Trabecular Bone Score Improves Fracture Risk Discrimination in Postmenopausal Rheumatoid Arthritis Patients Receiving Glucocorticoids

Ratthanin Ruangnopparut,¹ Suranut Charoensri,² Dueanchonnee Sribenjalak,² Daris Theerakulpisut,³ Chatlert Pongchaiyakul²

¹Department of Medicine, Faculty of Medicine, Khon Kaen University, Khon Kaen, Thailand; ²Division of Endocrinology and Metabolism, Department of Medicine, Faculty of Medicine, Khon Kaen University, Khon Kaen, Thailand; ³Division of Nuclear Medicine, Department of Radiology, Faculty of Medicine, Khon Kaen University, Khon Kaen, Thailand

Correspondence: Suranut Charoensri, Division of Endocrinology and Metabolism, Department of Medicine, Faculty of Medicine, Khon Kaen University, Khon Kaen, 40002, Thailand, Email [email protected]

Background: Bone mineral density (BMD) might not be a sensitive tool for predicting osteoporotic fracture risk among patients with rheumatoid arthritis (RA), especially when receiving glucocorticoids. Trabecular bone score (TBS), which has emerged as a new assessment technique representing bone microarchitecture and strength, may be considered an alternative approach.
Materials and Methods: In this cross-sectional analytical study, postmenopausal RA patients receiving glucocorticoids were identified from the postmenopause BMD database. The database included clinical data of postmenopausal outpatients who had at least one BMD measurement between January 2014 and December 2017. TBS was calculated from lumbar spine BMD with the microarchitecture assessment software. The presence of osteoporotic fractures, either vertebral or non-vertebral, was identified at the time of BMD measurement.
Results: A total of 64 postmenopausal RA patients receiving glucocorticoids were included. The TBS values were inversely associated with osteoporotic fractures, with a TBS cut-off of less than 1.24, showing the best accuracy with a sensitivity of 79% and a specificity of 84% in discriminating fractures. This newly proposed TBS threshold combined with a BMD T-score of − 2.5 or less demonstrated a greater area under receiver operating characteristic curve in identifying patients with osteoporotic fractures than the BMD threshold alone (p value = 0.003).
Conclusion: The reduction in TBS was associated with an osteoporotic fracture in postmenopausal RA patients receiving glucocorticoids. Combining TBS and BMD in these patients incrementally improves fracture risk discrimination and may serve as a supplementary tool in identifying patients at greatest risk of osteoporotic fracture.

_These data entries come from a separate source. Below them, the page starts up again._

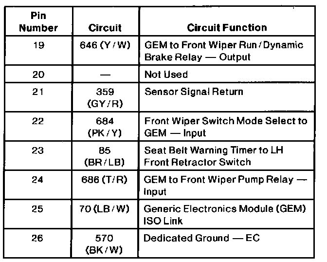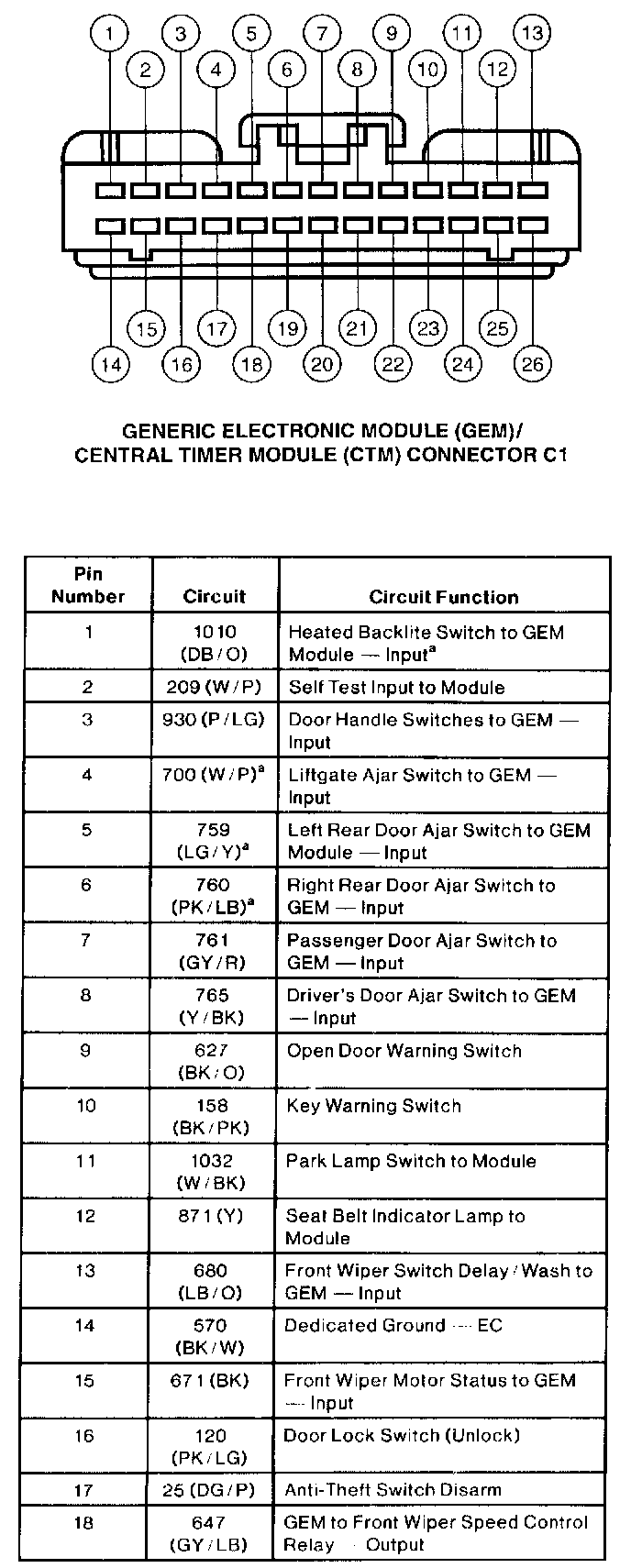 GEM/CTM Connector C1 Part 1 Of 2: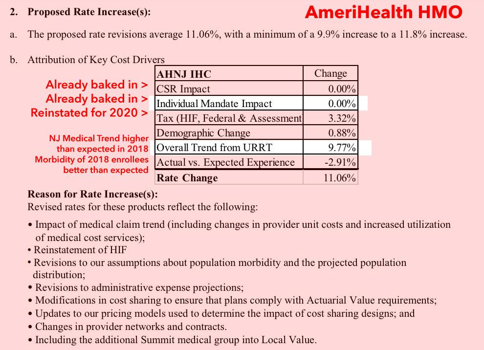 On the surface, this might make it sound like NJ's mandate reinstatement was ineffective (likely in part due to the reasons I noted above). However, the actual rate filings from two of the six carriers on the market (technically a single carrier with two divisions...AmeriHealth HMO and AmeriHealth Insurance Co.) suggest a different reason. I don't know about the other four carriers, but according to AmeriHealth: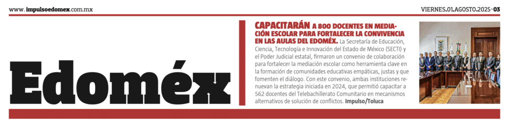 - https://8columnas.com.mx/estado-de-mexico/poder-judicial-y-gem-impulsan-formacion-de-mediadores-escolares/
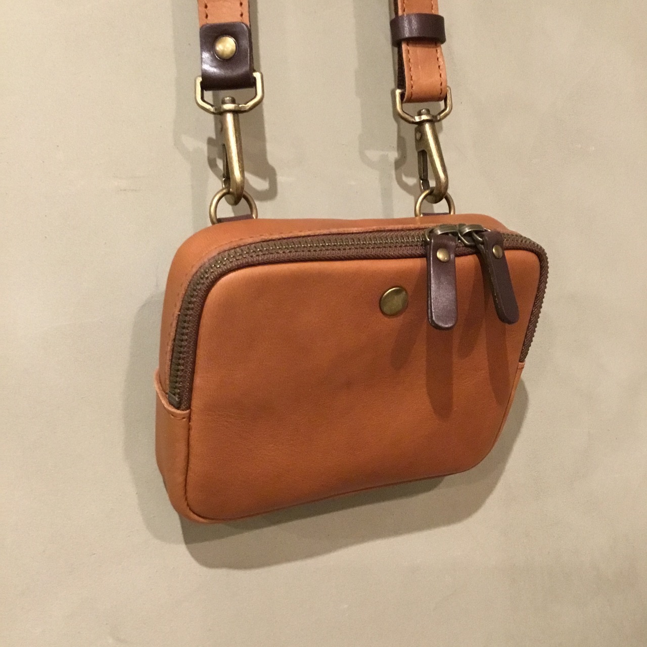 内装ポケットのホックの頭が、シンプルな表面のアクセントに!
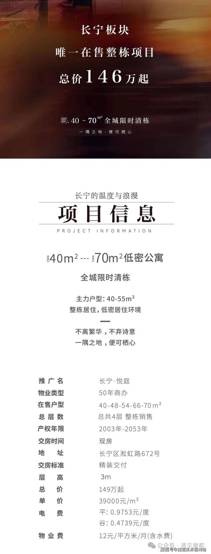 长宁唯一整栋纯居住!现房 2号线600米,5分钟悦见繁华【长宁悦庭】直接认购 建面约40-84㎡精装公寓 总价146万起!款清交房✅长宁悦庭售楼处电话:400-8854-706✅︎✅︎✅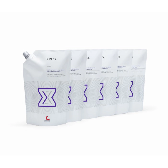 XPLEX – the high-impact polymer for dual use. Developed to cover the different processes and needs in the laboratory. The polymer is suitable for cold and hot polymerization. Whether packing, pressing or pouring: the choice of HOT or COLD processing is governed by the respective HOT or COLD monomer component.

Keywords: bone mineral density, trabecular bone score, osteoporotic fractures, rheumatoid arthritis, glucocorticoids

Introduction

Osteoporosis is an important problem in the elderly, particularly among postmenopausal women. It is characterized by the deterioration of bone mass and microarchitecture, which subsequently elevates the risk of osteoporotic fractures and associated complications.^1,2 Rheumatoid arthritis (RA) is one of the major risk factors of osteoporosis due to chronic inflammation, limitation of mobility, and concomitant glucocorticoid treatment. Patients with RA are more susceptible to developing skeletal consequences, including osteoporotic fracture, than those without RA.^3,4

Bone mineral density (BMD), measured by dual-energy X-ray absorptiometry (DXA), serves as a diagnostic tool for osteoporosis.⁵ However, some patients exhibit increased fracture risk despite having normal BMD,⁶ especially in those receiving chronic glucocorticoid therapy.⁷ The rapid onset of bone loss and increased fragility fracture is observed when glucocorticoid therapy is initiated, and these risks escalate with higher doses and longer durations of treatment.^8,9 It is important to note that glucocorticoids have an impact on fracture risk that is independent of BMD.¹⁰ Therefore, relying solely on BMD measurements is not the most effective way to predict fracture risk in glucocorticoid-induced osteoporosis.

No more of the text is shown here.